→ **Task item**
Each line below is to be repeated exactly; any picture is to be left out.

→ **Supplied material**
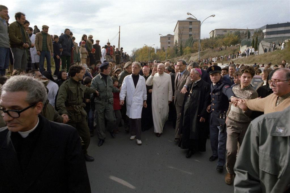 videro passare il Papa, Giovanni Paolo II, che si dirigeva a piedi verso la piazza – l’unica – del paese, dove tutta la tragedia era racchiusa, come un cratere nel cratere:
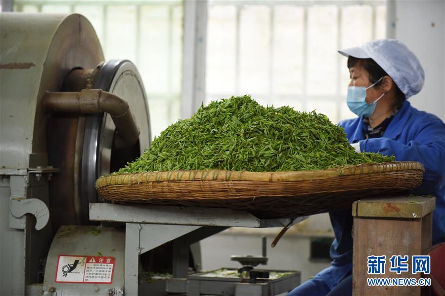 3月31日,制茶工人在贵州省余庆县松烟镇一家茶叶加工厂赶制“明前茶”。随着气温回升,贵州省遵义市余庆县各大茶场迎来“明前茶”采摘高峰。采茶工人忙着采摘、制茶,供应市场。新华社记者 杨文斌 摄
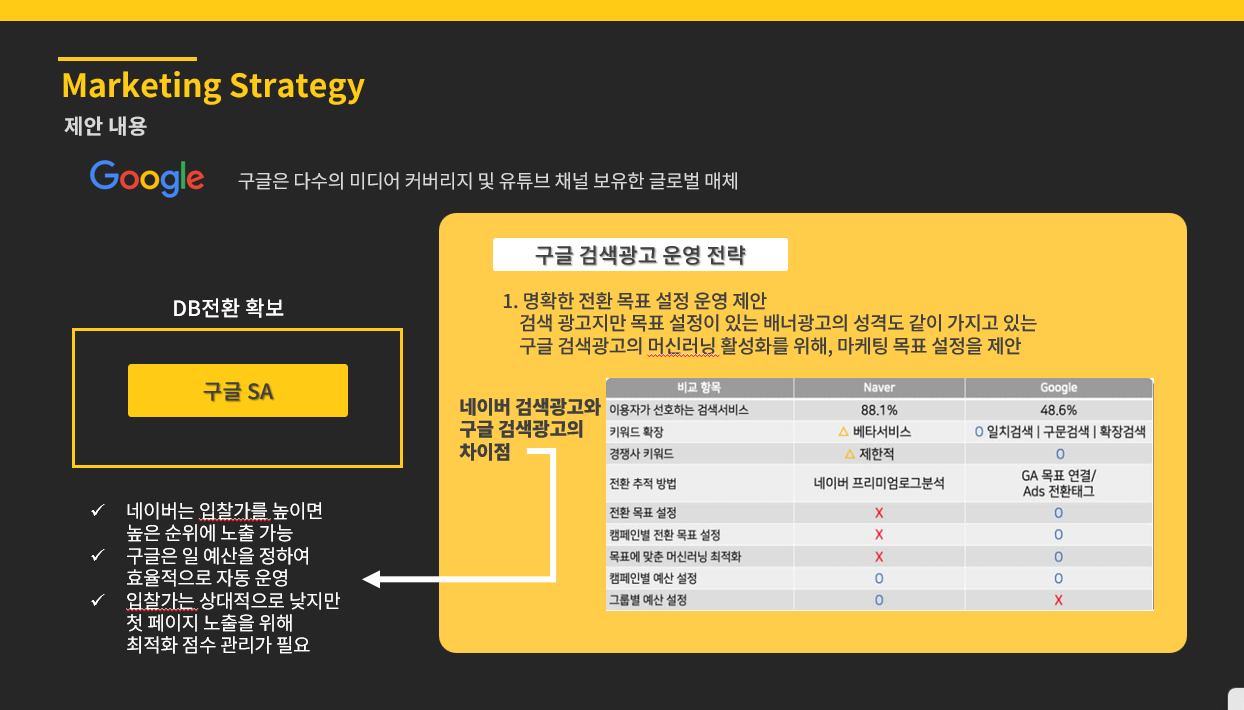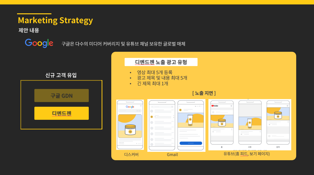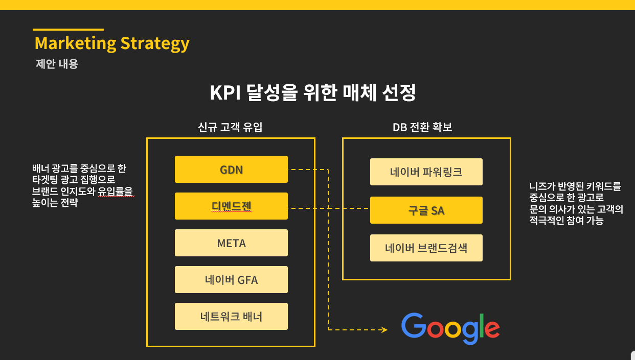 신규 브랜딩 시 초기에 구글 매체를 통해 활용해야 할 전략에 대해 제안

→ **Exercise solution**
 videro passare il Papa, Giovanni Paolo II, che si dirigeva a piedi verso la piazza – l’unica – del paese, dove tutta la tragedia era racchiusa, come un cratere nel cratere:
 3月31日,制茶工人在贵州省余庆县松烟镇一家茶叶加工厂赶制“明前茶”。随着气温回升,贵州省遵义市余庆县各大茶场迎来“明前茶”采摘高峰。采茶工人忙着采摘、制茶,供应市场。新华社记者 杨文斌 摄
 신규 브랜딩 시 초기에 구글 매체를 통해 활용해야 할 전략에 대해 제안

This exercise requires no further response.